Does TV advertising make children fat? : what the evidence tells us.
Public policy research, 13
There is growing public concern over rising levels of obesity among children, in the UK and many other countries in the developed world, as World Health Organisation reports have warned (as illustrated by 2003). The Royal College of Physicians reports that obesity has doubled among two to four year olds between 1989 and 1998, and trebled among six to fifteen year olds between 1990 and 2002. Similarly, in the USA, obesity among six to nineteen year olds has trebled over the past four decades, to 16 per cent in 1999-2002, while the incidence of type 2 diabetes has doubled in the past decade, with notable increases also in the risk of heart disease, stroke, circulatory problems, some cancers, osteoporosis and blindness.

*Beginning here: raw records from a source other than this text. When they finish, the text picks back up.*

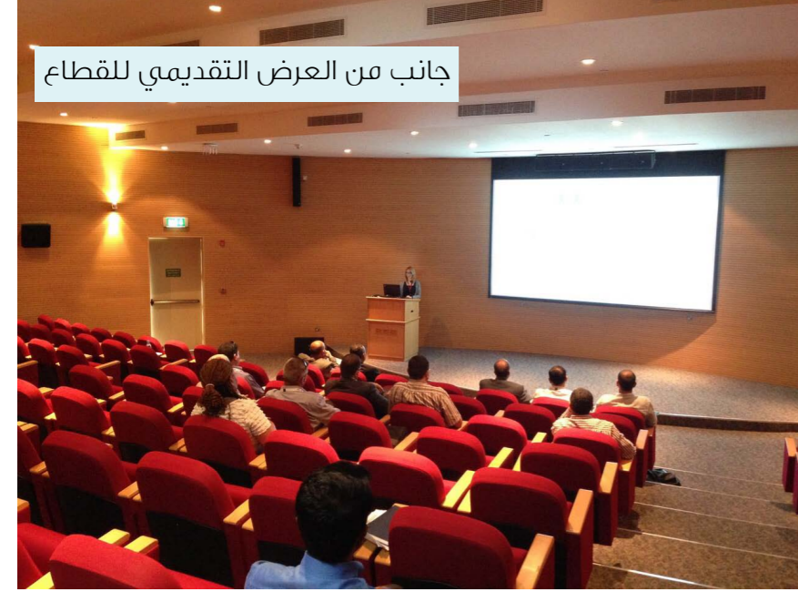
جانب من العرض التقديمي للقطاع

وأضاف: «بالرغم من الكم الكبير للمعلومات في العرض والمرتبطة بالأنشطة المختلفة للقطاع إلا أنه تم تعريفنا بصفقتنا أكاديميين بمختلف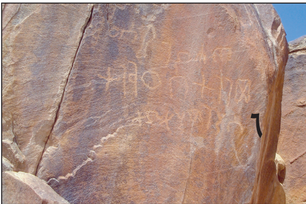
اللوحة (١٢) نقش ٦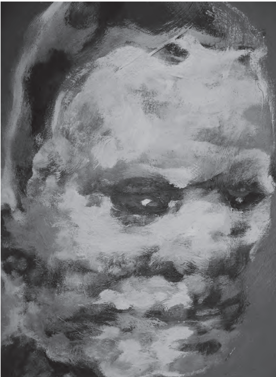
Persona Umbra, Arc II., 2016, akril, rizspapír, 105 × 90 cm

Igaza lehet. Nehéz szeretnem az igazságot. Hát akkor kérdezek én is a Persona Umbrától: – Nem értem, hogy miként lehetne, vagy kell-e az Élet megismerése által eljutni bárhová is.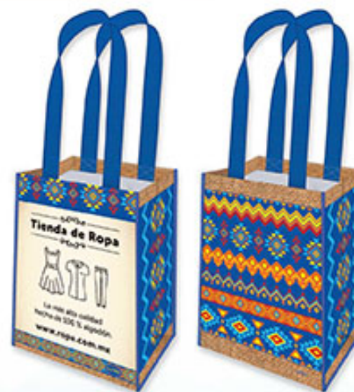
BT 09 Armonía de Color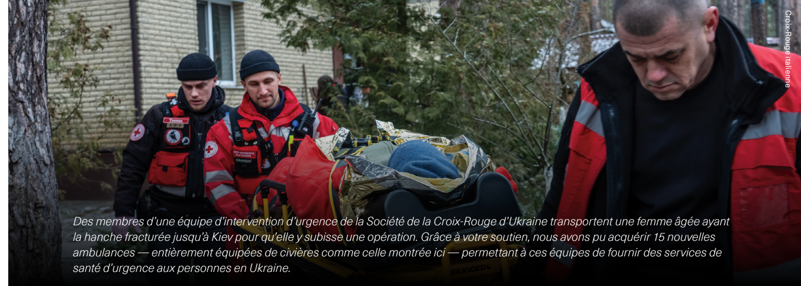
Des membres d'une équipe d'intervention d'urgence de la Société de la Croix-Rouge d'Ukraine transportent une femme âgée ayant la hanche fracturée jusqu'à Kiev pour qu'elle y subisse une opération. Grâce à votre soutien, nous avons pu acquérir 15 nouvelles ambulances — entièrement équipées de civières comme celle montrée ici — permettant à ces équipes de fournir des services de santé d'urgence aux personnes en Ukraine.

— VALENTYN KOZHANOV , COORDONNATEUR DU PROGRAMME D'ABRIS ET DE CONSTRUCTION, CROIX-ROUGE CANADIENNE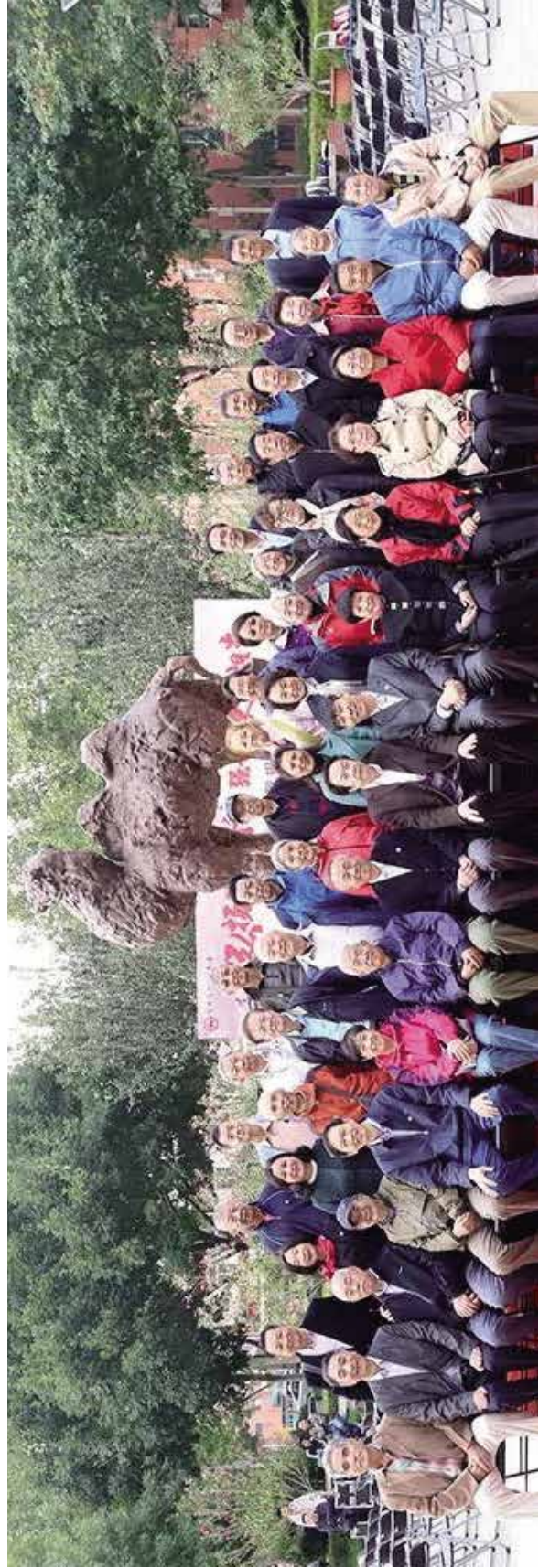
部分与会人员 在“骆驼”雕塑前合影

The evidence of rising obesity, it seems, is beyond question. The explanation is less clear. The USA’s Institute of Medicine’s (IOM) Committee on Food Marketing and the Diets of Children and Youth observed in their major report to Congress (2005), children’s diets “result from the interplay of many factors… all of which, apart from genetic predispositions, have undergone significant transformations over the past three decades”. In other words, researchers are generally agreed that multiple factors account for childhood obesity, including individual, social, environmental and cultural factors (Story, Neumark-Sztainer, & French, 2002). These factors are, for the most part, subject to change, and many of them interact with each other in complex ways not yet well understood. One consequence is that policy decisions regarding intervention are highly contested, for multiple stakeholders, with competing interests, are involved. It is in this context that this essay focuses on just one putative explanation for childhood obesity, namely food promotion, particularly television advertising of foods high in fact, salt or sugar. It asks one key question: is the evidence base linking advertising to children’s health sufficient to guide policy decisions?